Essen als Weiterbildung, da sprangen einige ins Boot, um mit gutem Gewissen am Ende auch genießen zu können. Beim ersten Abend war die Suppe ein Schwerpunkt. Ob Spargel- oder Spinatsuppe, alles wurde verköstigt. Schnitzelparade hieß es dann am zweiten Abend, um Salate ging es in der dritten Runde. Natürlich durfte auch der Fisch nicht fehlen.
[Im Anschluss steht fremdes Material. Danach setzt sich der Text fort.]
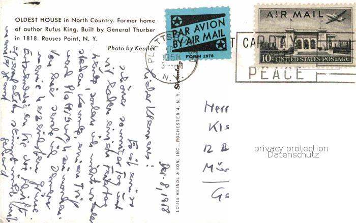 72763602 old postcard Rouses Point Oldest House in North County postalisch gelaufen Erhaltung siehe scans [LiesaD40] KatCode: 14140340000000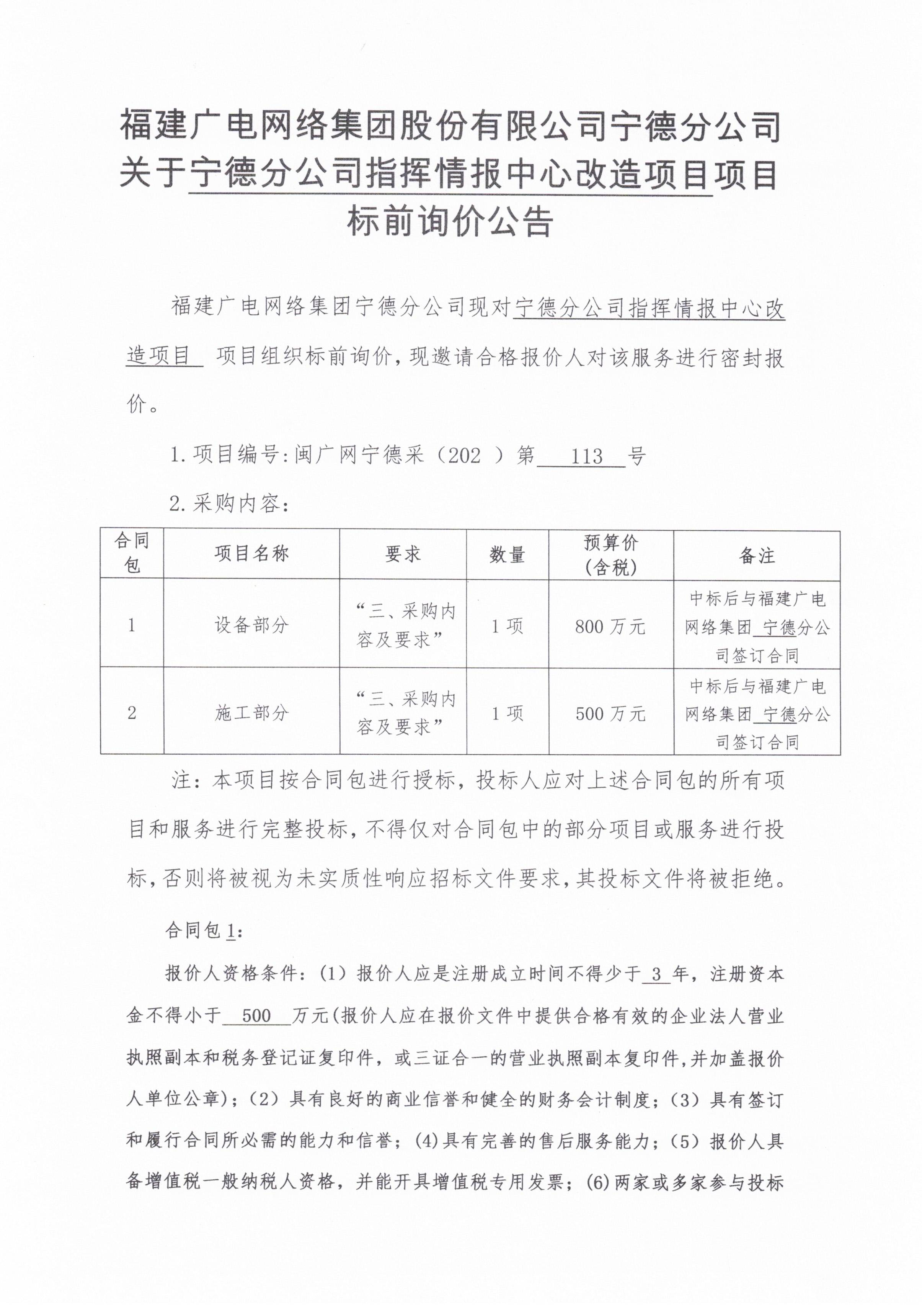 新利网上注册首页(中国)官方网站宁德分公司指挥情报中心改造项目标前询价公告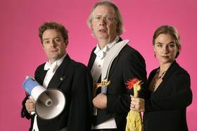 De klassiske operasangere Jesper Brun-Jensen og Hans Dueholm optræder på slap line med Anne Lise Quorning som musikalsk domptør.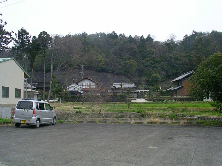 参道の前から見た旧跡の方向。右側の坂下に立派な表参道が、左手に裏参道(近いが、暗くて細い)がある。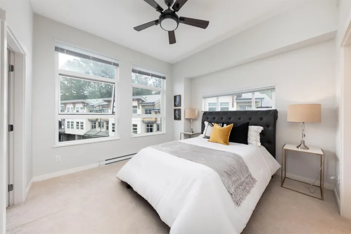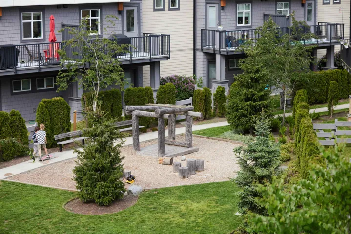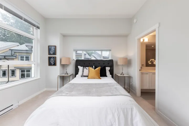 This 3 BDRM, 2.5 BATH home is at Seven Peaks by Polygon, a collection of West Coast contemporary t/homes in beautiful Squamish. This 1,674 sq . ft . home has a bright, open concept main living area with 9′ ceilings, warm laminate flooring, large windows, and a wide deck overlooking an enclosed backyard. The gourmet kitchen has custom-designed cabinetry, sleek stainless steel appliances, engineered stone counter tops, and a huge island – a perfect gathering place! Upstairs, MBDRM and 2nd BDRM have 10′ ceilings . The luxurious master en-suite features a spa shower with frame-less glass door, rain shower head, and built-in bench. Enjoy a life surrounded by nature.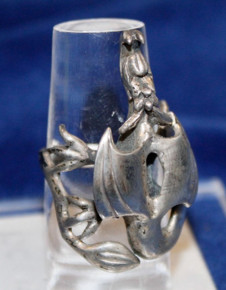 LARGE STERLING SILVER DRAGON RING ARTIST MADE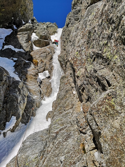 Parete Est - Piz Buin: Tito Arosio nel couloir iniziale durante la prima della nuova via con Rosa Morotti il 31/03/2019)

Zuletzt stand dann Pesto Pesto auf dem Speiseplan. Es gab grüne Bohnen, Blumenkohl, Rindfleisch und Kartoffelbällchen. Doch neben dem schmackhaften Essen erfuhren die zehn Teilnehmer auch noch etwas darüber, wie man frische Lebensmittel erkennt und wie man preiswert einkaufen kann. Für Ewald Krebbing war es der erste Kochkurs. Er hatte daran so viel Freude, dass er an Fronleichnam gleich einen Teil der Familie - immerhin neun Personen - bekocht hat.
Wahrscheinlich wird es im nächsten jahr einen Nachfolgekurs geben, bei dem alle Teilnehmer sofort wieder an den Kochtöpfen und Pfannen stehen würden.